Let’s Keep Our Shirts On, Shall We?

There will be an interesting Senate race in Ohio this year, and already it is starting to get . . . well . . . weird.

The Democratic candidate for the Senate seat is Lieutenant Governor Lee Fisher, an old-line Cleveland politician who beat Jennifer Brunner, Ohio’s current Secretary of State, in a heated primary.  The Republican candidate is Rob Portman, a long-time Congressman from the Cincinnati area who also served as the director of the Office of Management and Budget during part of the second term of the Bush Administration.

The weirdness began when Fisher’s son took video footage of Fisher sitting shirtless at a desk late one evening.  Apparently the footage was used in some Ohio Republican Party ad that featured “suggestive music,” although I haven’t seen the ad and haven’t been able to find it on the web.  The Ohio Democratic Party reacted with outrage, then produced a website and commercial featuring a bunch of bare-chested workers who say Rob Portman’s work during the Bush Administration took the shirts off their backs.

All of this seems very strange to me.  I agree with a friend who questions why the Democrats would do anything to increase the name recognition of Portman, who is not well known outside the Cincinnati area.  I also think, however, that the Democratic commercial really leads with its chin.  Most people don’t look good in shirtless mode, and the overweight workers featured on the commercial are no exception.  Frankly, they look pretty well fed for people who are supposed to be out of a job.  And are they advocating protectionism?  That message strikes a jarring note in the era of the Obama Administration, where the federal government has bailed out so many American industries and pumped borrowed “stimulus” money into the economy — without doing much of anything to stimulate real job growth.  Are they complaining that we need to do even more to allow union workers to keep their jobs and high-value benefits?

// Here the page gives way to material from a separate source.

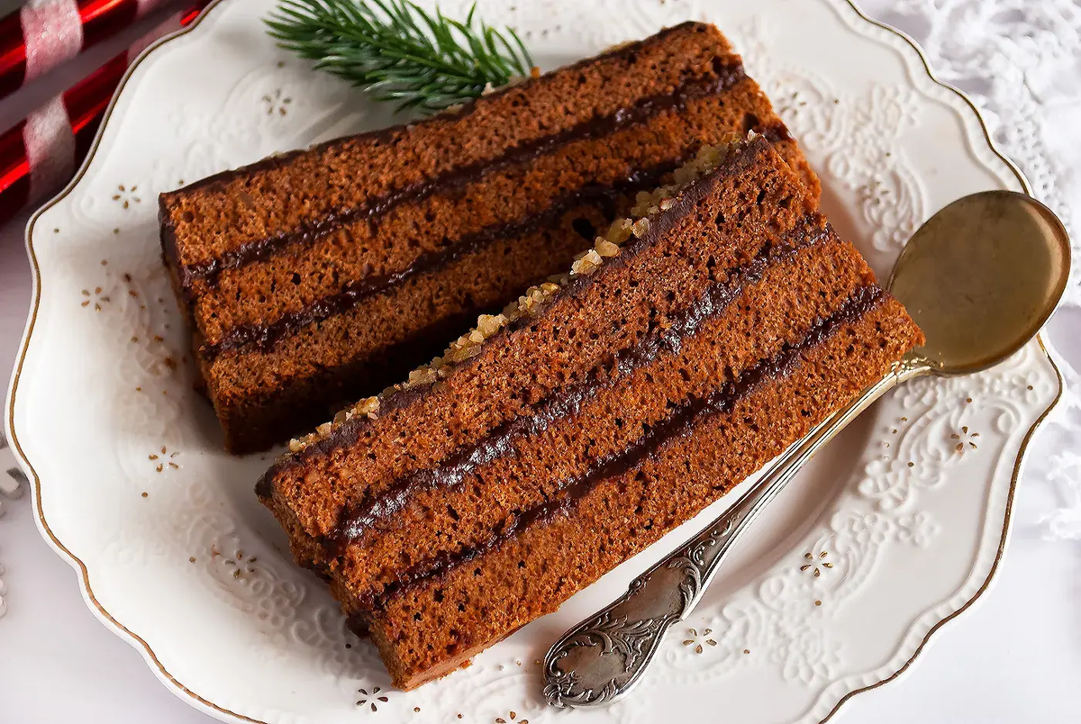 Для зимних холодных вечеров с большим пузатым чайником ароматного чая лучше выпечки и не придумать как этот мягчайший пряно-медовый пряник с нежным сливочно-шоколадным пралине. 500 г муки 3 столовые ложки какао 200 г жидкого меда 25 г пряностей для имбирных пряников 1 чайная ложка корицы 1 чайная ложка растворимого или зернового кофе (по желанию) 140 г сливочного масла 4 яйца комнатной температуры 3/4 стакана сахара 1 и 1/2 чайные ложки пищевой соды 150 мл 18% сметаны комнатной температуры 120 мл 30% сливок для взбивания 100 г молочного, темного или горького шоколада 550 г сливового джема 100 г темного шоколада Молотые грецкие орехи для украшения. *Объем одного стакана составляет 250 мл. Выстелите форму для выпечки размером примерно 26 x 36 см или подходящую вам форму пергаментной бумагой. Просейте муку и какао в миску. Влейте мед, пряности, молотый кофе и кусочки сливочного масла в кастрюлю или миску. Нагревайте на медленном огне или в микроволновой печи, пока ингредиенты не растают.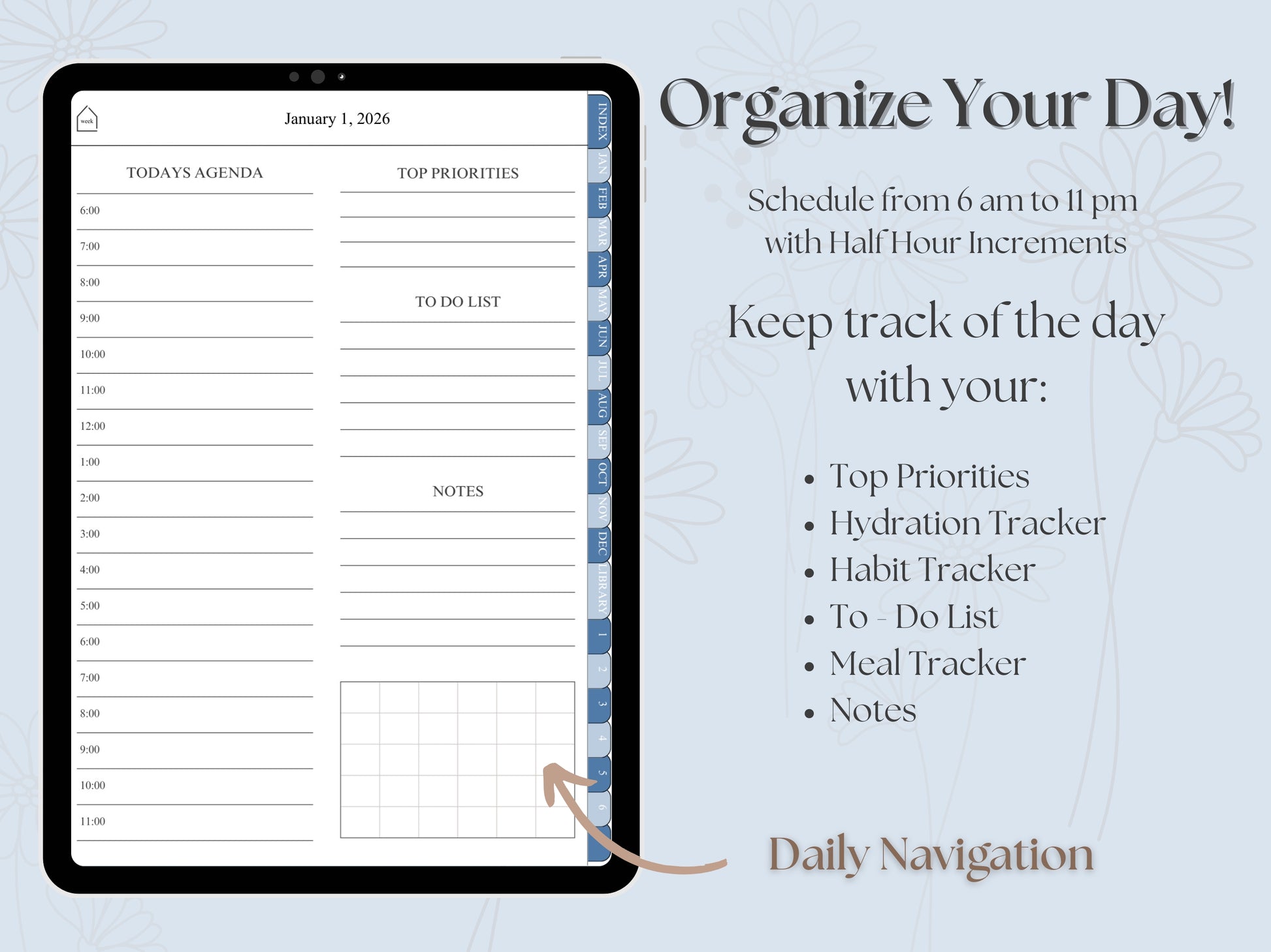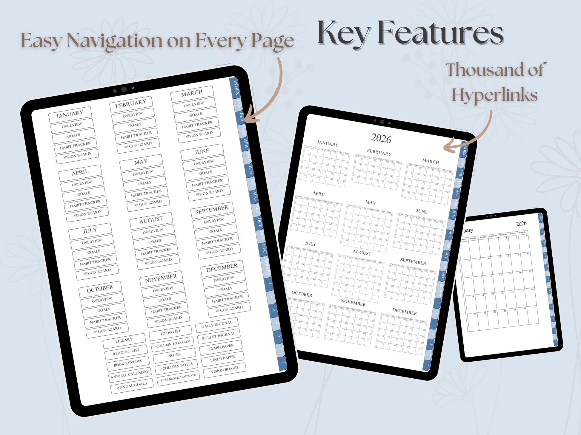 The Blue Skies 2026 Digital Planner is a beautifully designed, hyperlinked digital planner created to help you stay organized, focused and intentional every day. Made for iPad and digital planing apps like GoodNotes and Notability, it blends clean layouts, botanical charm, and powerful structure into one effortless planning system.

The other point of the commercial is to criticize the budget deficits during the Bush Administration, which is odd because the Obama Administration is presiding over much larger budget deficits that stretch far into the foreseeable without and promise of reduction.  Do the Democrats really want to call attention to deficit spending under the circumstances?  Are they saying Lee Fisher is going to be a more hard-bitten budget-cutter than Portman?

The election is still months away, and I imagine the parties and their candidates will be experimenting with “messaging” as the election draws nearer.  The “shirtless” commercial seems like a failed experiment to me.  I’d appreciate it if the parties and candidates would keep their shirts on until we get closer to the election.